### WHAT IS BEING ASKED
Set the listing down unchanged, minus every embedded image.

### RECORDED DATA
☆ ☆ ☆ ☆ ☆

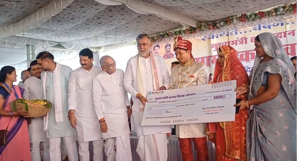 Mukhyamantri kanya Vivah Yojana : आज मध्य प्रदेश के कई जिलों में मुख्यमंत्री कन्या विवाह योजना के अंतर्गत कई नए जोड़ों की शादी हुई। कई दूल्हा-दुल्हनों ने जहां सात फेरे लेकर विवाह किया। वहीं मुस्लिम युवक-युवतियों ने भी निकाह पढ़ा। मुख्यमंत्री डॉ. मोहन यादव धार में आयोजित कार्यक्रम में खुद शामिल हुए। वहीं पन्ना में उन्होंने वर्चुअली सहभागिता की। नरसिंहपुर में कैबिनेट मंत्री प्रहलाद पटेल शामिल हुए।
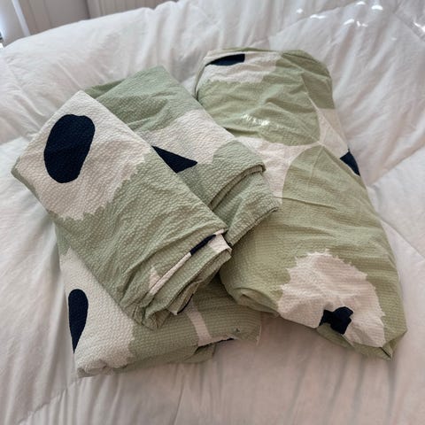 Marimekko pussilakanasetti vihreä raidallinen kukkakuvio
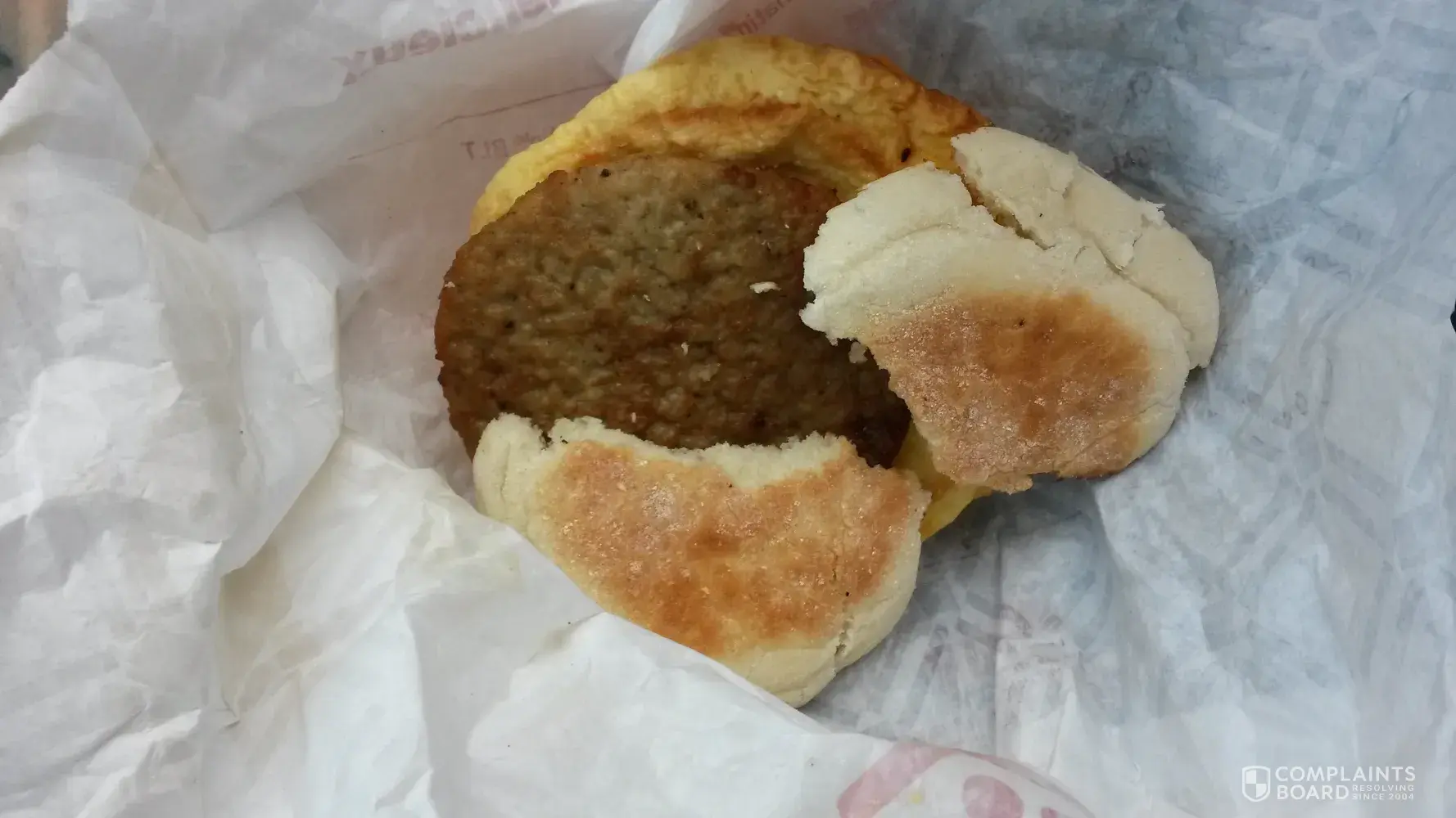 I ordered breakfast as I do any morning and I was so put off when I took my food out to eat it.I know speed in the drive through is a given but when it's not even toasted and looks like the pics I've sent I've been drinking tims since I was 11 years old.I've never had food that came out looking like someone ate it before me.I have tims ever morning before work and still do but this was just not right
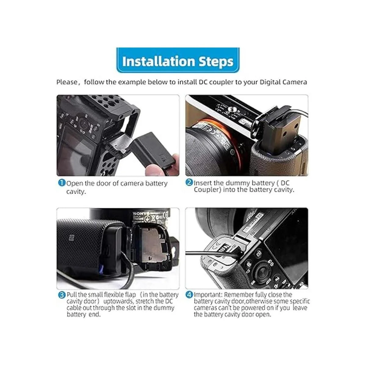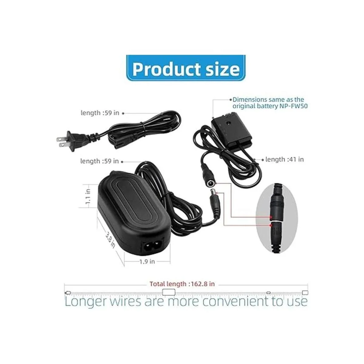 Incluye una batería falsa / acoplador CC conector para reemplazar NPFW50 y un cable de alimentación de CA de 4.9 ft de largo

☆ ☆ ☆ ☆ ☆

### RESPONSE BOX
 Mukhyamantri kanya Vivah Yojana : आज मध्य प्रदेश के कई जिलों में मुख्यमंत्री कन्या विवाह योजना के अंतर्गत कई नए जोड़ों की शादी हुई। कई दूल्हा-दुल्हनों ने जहां सात फेरे लेकर विवाह किया। वहीं मुस्लिम युवक-युवतियों ने भी निकाह पढ़ा। मुख्यमंत्री डॉ. मोहन यादव धार में आयोजित कार्यक्रम में खुद शामिल हुए। वहीं पन्ना में उन्होंने वर्चुअली सहभागिता की। नरसिंहपुर में कैबिनेट मंत्री प्रहलाद पटेल शामिल हुए।
 Marimekko pussilakanasetti vihreä raidallinen kukkakuvio
 I ordered breakfast as I do any morning and I was so put off when I took my food out to eat it.I know speed in the drive through is a given but when it's not even toasted and looks like the pics I've sent I've been drinking tims since I was 11 years old.I've never had food that came out looking like someone ate it before me.I have tims ever morning before work and still do but this was just not right
 Incluye una batería falsa / acoplador CC conector para reemplazar NPFW50 y un cable de alimentación de CA de 4.9 ft de largo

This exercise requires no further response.